▶ [INFORMATION SHOWN]:
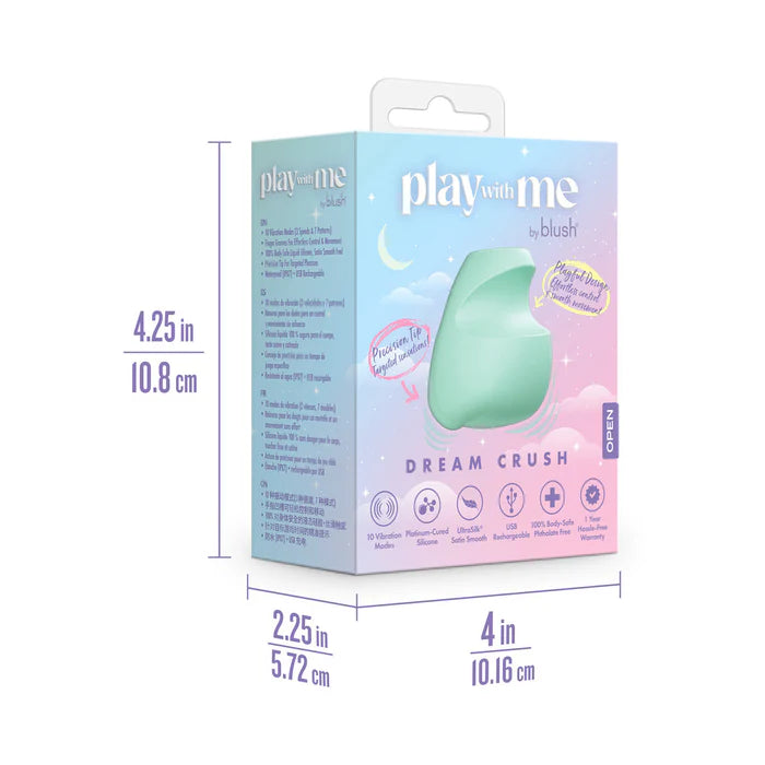The Play With Me Dream Crush Green is the irresistible vibrator you’ll keep coming back to. Sculpted for precision and designed to sweep you away, this vibe features 10 captivating vibration modes—with 3 speeds and 7 pulse patterns—moving effortlessly from subtle teasing pulses to deep, breathtaking waves of pleasure.
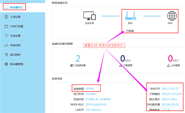 检验路由器连接状态,在️“网络连接状态”一栏如果显示️“已连接”说明路由器已经设置成功。
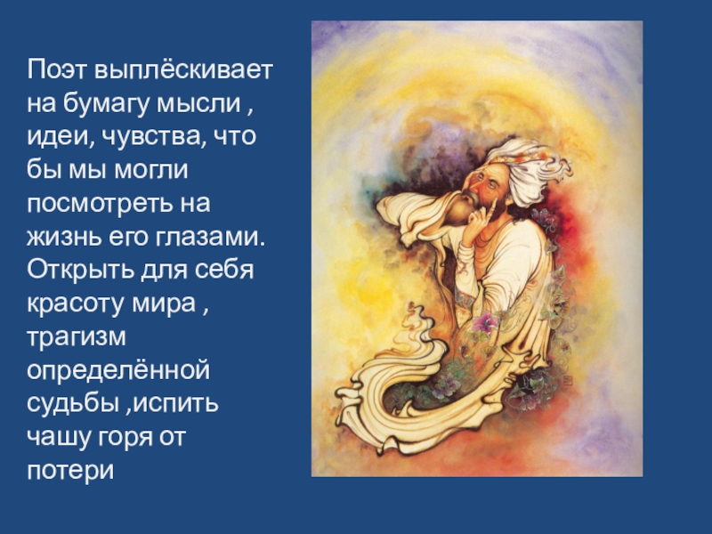Слайд 5Поэт выплёскивает на бумагу мысли ,идеи, чувства, что бы мы могли

▶ [WHAT YOU ARE ASKED TO DO]: If a line holds a picture, skip the picture and transcribe the rest of the material exactly.

▶ [RESPONSE AREA]:
The Play With Me Dream Crush Green is the irresistible vibrator you’ll keep coming back to. Sculpted for precision and designed to sweep you away, this vibe features 10 captivating vibration modes—with 3 speeds and 7 pulse patterns—moving effortlessly from subtle teasing pulses to deep, breathtaking waves of pleasure.
 检验路由器连接状态,在️“网络连接状态”一栏如果显示️“已连接”说明路由器已经设置成功。
Слайд 5Поэт выплёскивает на бумагу мысли ,идеи, чувства, что бы мы могли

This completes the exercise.